The United States has a tax code that encourages borrowing and consumption at the expense of savings and investment. I believe this concept is pretty well understood. What is less understood is that the rest of the world does not. The much-derided (in the United States at least) European-style welfare states actually have less progressive tax systems than the US, as do the developed Asian countries of Japan and South Korea. This means they are more apt to discourage consumption and to promote exports with value-added taxes. Most of these countries have found a policy balance that produces neutral trade deficits. Countries like China and Germany, on the other hand, take it even further and use their tax code to actively promote massive trade surpluses, a key source of the "global imbalances" that are threaten the world economy. Even worse, within the US tax code we discourage domestic investment in general, yet we lavish subsidies on specific old-economy industries like real estate, agriculture and energy extraction and even encourage US multinationals to invest overseas instead of in the United States. Our distorted tax policy is a bipartisan failure that must be addressed soon or our country will begin to lose ground economically while struggling under a mountain of foreign-owned debt.

How we got here

Much of The Dynamist blog is devoted to analyzing long term trends in economic policy, market valuations and political cycles. One of the consistent themes (for examples see here and here) is that the United States needs to focus on reducing its structural trade deficit. When we run a trade deficit, we are importing capital (i.e. borrowing) from abroad. Importing capital is not inherently bad. If the US had a surplus of investment opportunities relative to its pool of savings, investment capital may come in from abroad to make up the difference. In such an event, the investments would presumably increase the long run growth rate of the US economy.

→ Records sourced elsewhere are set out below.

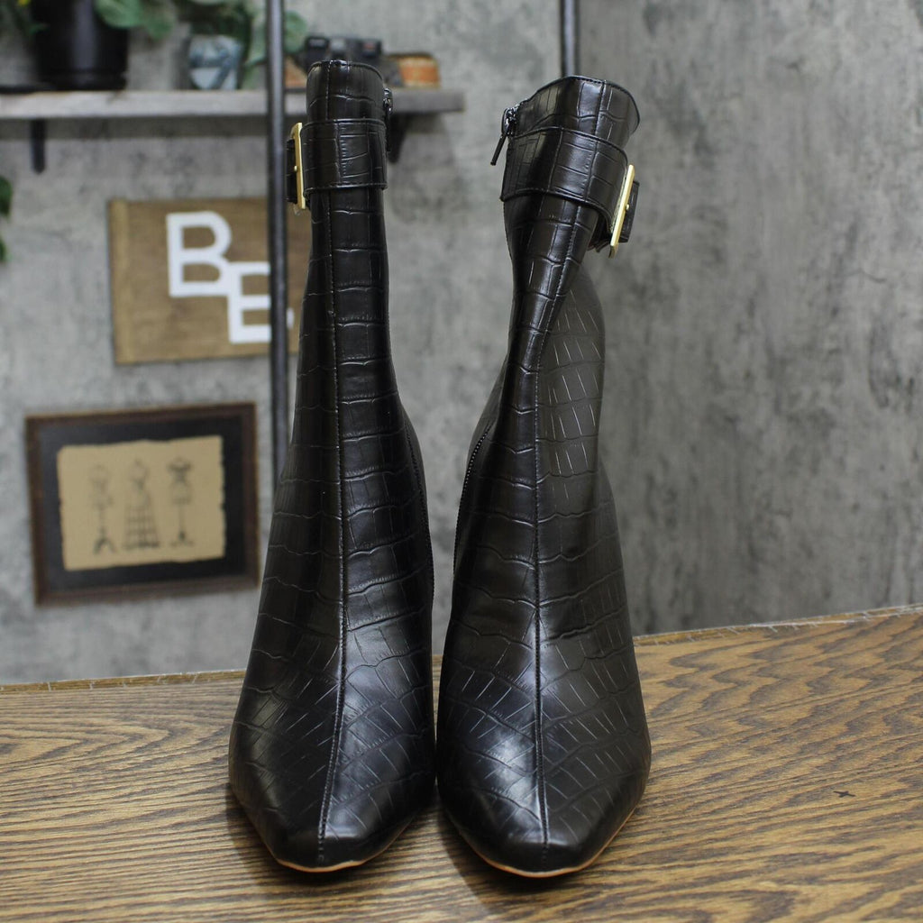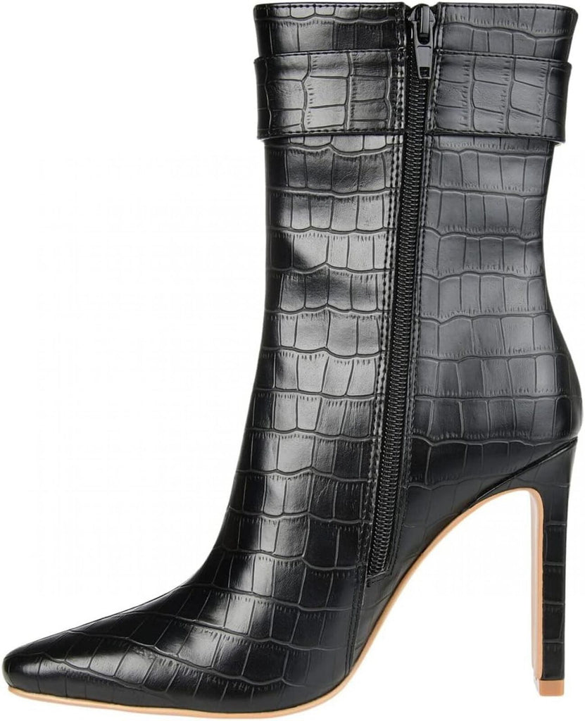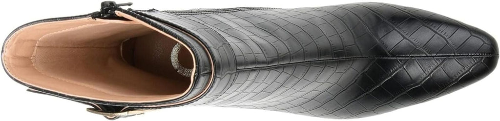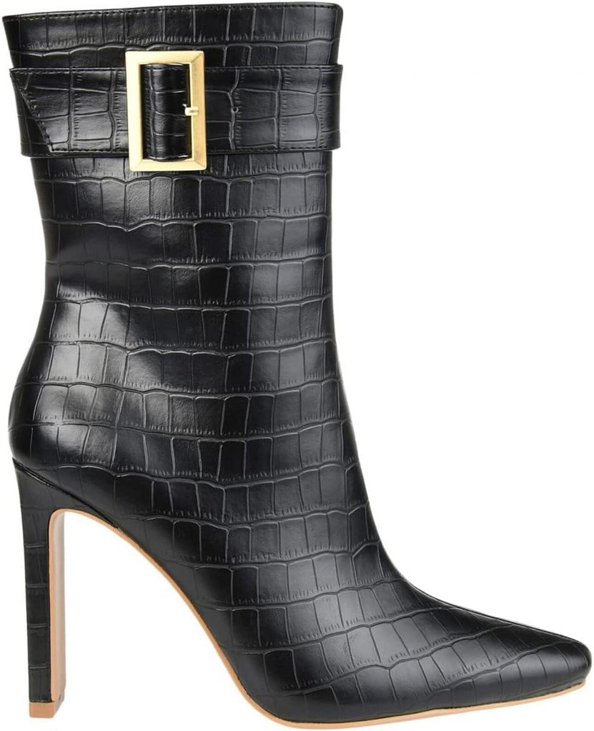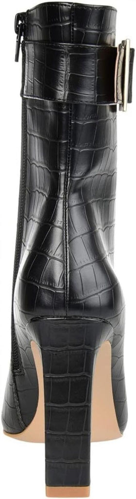 The Journee Collection(r) Tru Comfort Foam(tm) Elanie Booties elevate your look without letting you compromise on comfort. Croc textured Vegan leather upper with square buckle detailing. Fabric lining
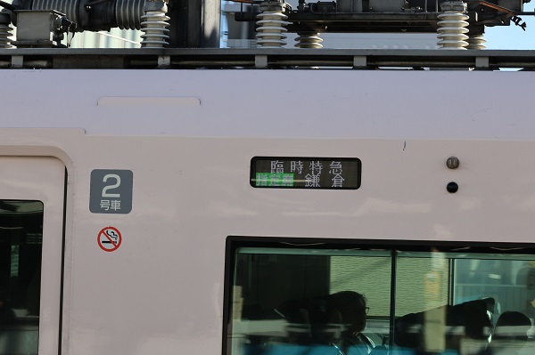 E657系の側面行先表示は、「臨時特急 鎌倉」行を表示していた。
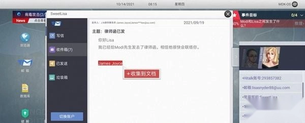 9. 登录Lisa邮箱,收集;【James Joyce】、【电子账单图片】。
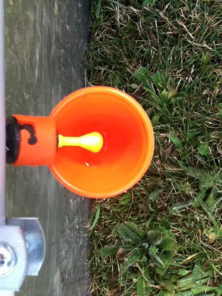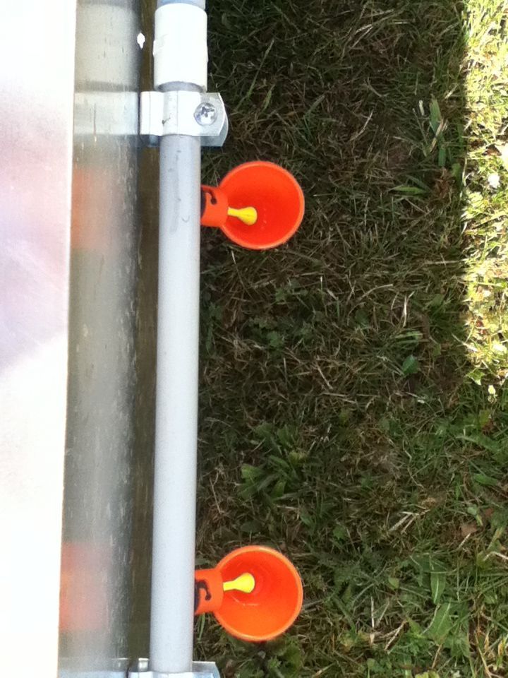 The drinking cups work very simply. When the a chicken puts it's head into the cup to get some water at the bottom, it accidentally pushes down that little yellow lever, turning on a flow of water as the bird drinks.Thanks for sharing thisI have thought about putting something on top of our tractors to hold the water. For now we are using hanging 2-liter bottles with the chicken nipple drinkers on them, but they are too low. I think since we are building several more we will simply make them taller so the water hangs at the right height.
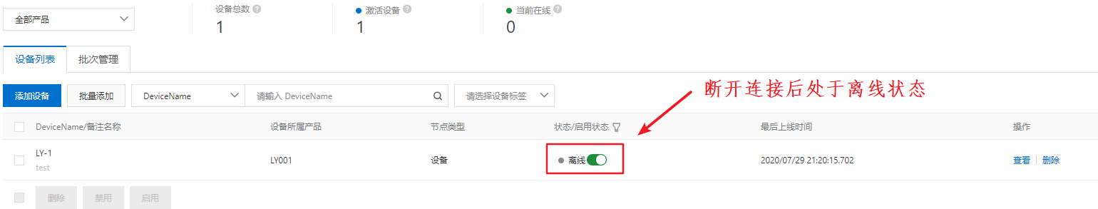 这是我们再到阿里云官网(刷新一下网页)就会发现此时的LY-1设备处于离线状态。哈哈,是不是很奇妙啊!
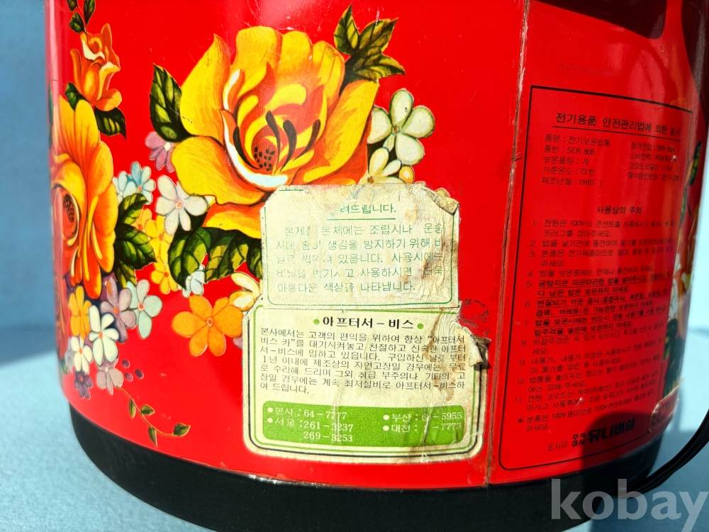 1980년에 생산된 초창기 모델로, 후면 라벨에는 당시의 전기용품 안전관리법에 의한 표시와 전국 AS 센터 정보가 고스란히 남아 있습니다.
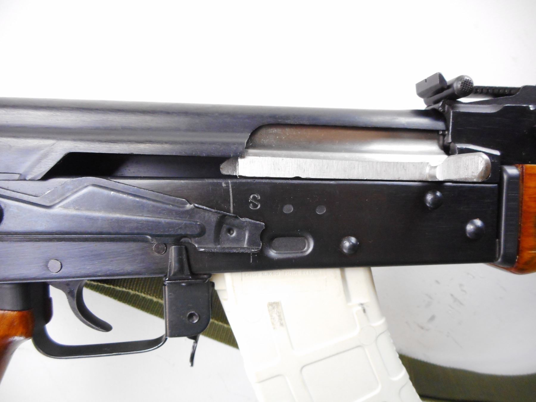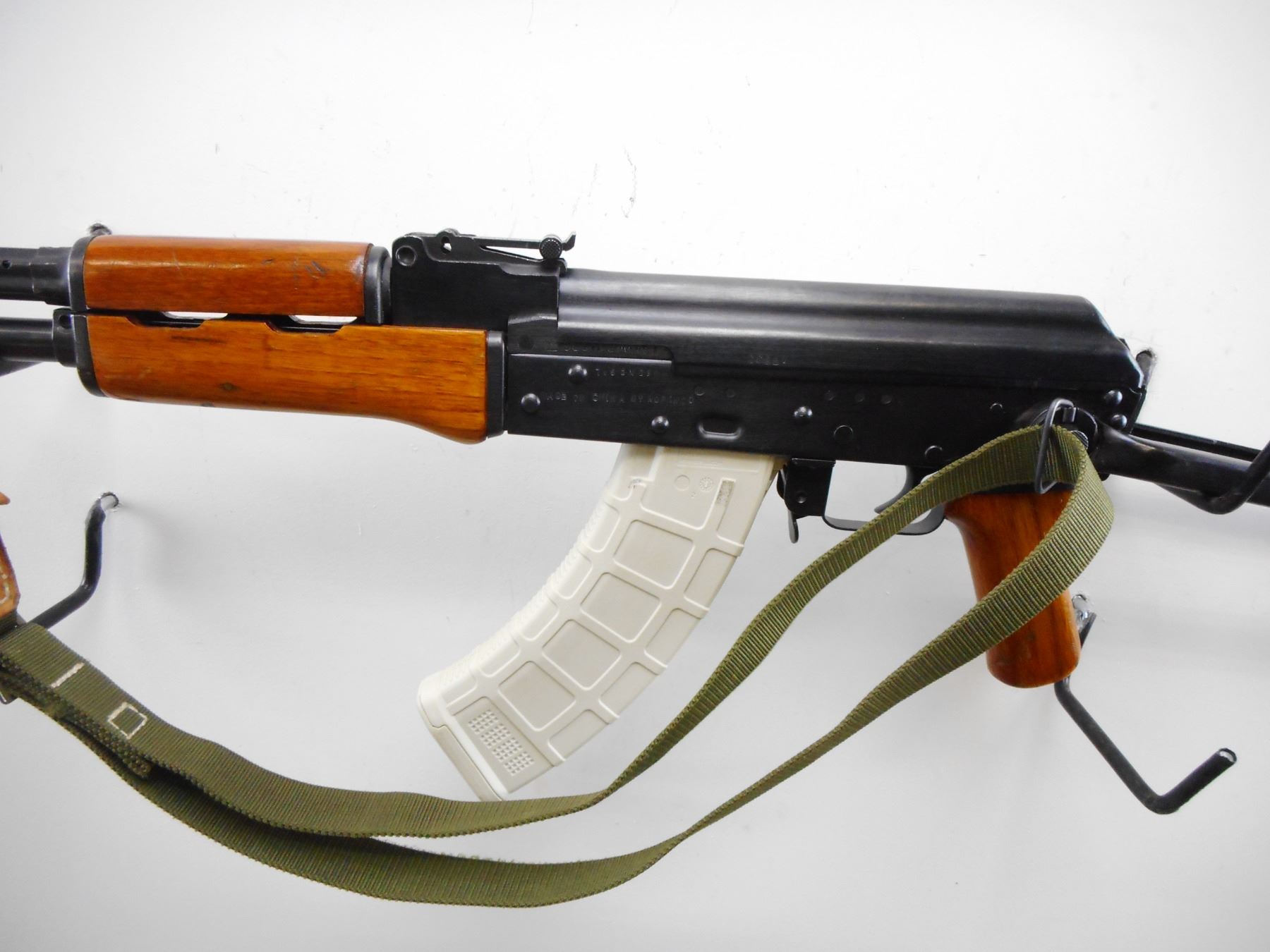 CONDITION: 7/10 , NORINCO , MODEL: 56 S-1 , CALIBER: 7.62X39 , COMES WITH MAGAZINE , CLASS 12-5 PROHIBITED STATUS REQUIRED TO ACCUIRE. IF YOU DON'T HAVE THIS TYPE OF LICENSE WE CAN DEACTIVATE IT FOR YOU FOR AN ADDITIONAL $150.00. BORE IS VERY GOOD. POST FRONT SIGHT WITH HOOD. ADJUSTABLE U NOTCH REAR SIGHT. SMOOTH WOOD HANDGUARD, FOREND AND PISTOL GRIP. FOLDING BUTT STOCK. SWIVELS WITH GREEN CANVAS SLING. BAYONET LUG. NO CLEANING ROD. METAL FINISH SHOWS HANDLING MARKS, SCRATCHES AND WEAR. STOCKS SHOW DINGS, SCRATCHES AND WEAR. , ACTION: SEMI AUTOMATIC , BARREL LENGTH: 355MM , SERIAL # 800221 , CLASS: CANADIAN CLASS PROHIBITED 12-5
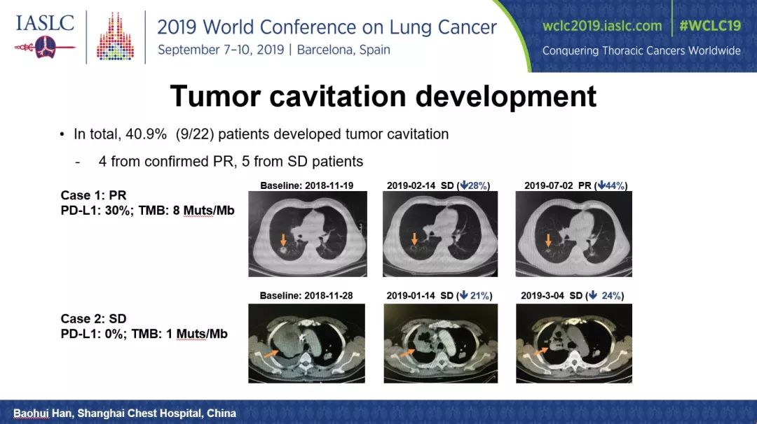 另外值得注意的是,总共40.9%(9/22)的患者治疗后出现肿瘤内空洞形成,其中4例患者为确认的PR,5例患者疗效为SD(图5)。
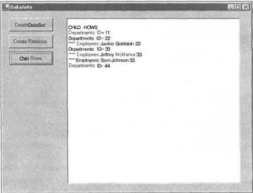 После компоновки проекта DataSetCode и запуска полученного приложения щелкните на кнопке Child ROWS, и в текстовом поле будут выведены значения всех родительских записей из таблицы Employees для каждой родительской записи из таблицы Departments (рис. 5.3).
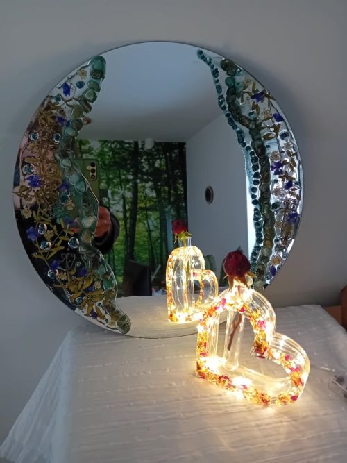 velké kulaté zrcadlo o průměru 38 cm jsem kombinovala s pravými květy a křišťálovou pryskyřicí v modrých a zelených tónech.

The trade deficits that the US has run since the mid-1990s, and in the 1980s before that can generally be attributed to policy distortion by the Federal Government or by the Federal Reserve. The Fed's policy of high real interest rates in the early 1980s and late 1990s drew in a great deal of capital from abroad. In the 1980s, it funded Reagan's tax cuts and military buildup. In the 1990s, it funded the investment in a large increase in US manufacturing production capacity. In the Dynamist's view, neither of these investments were bad things and they generally made the US stronger.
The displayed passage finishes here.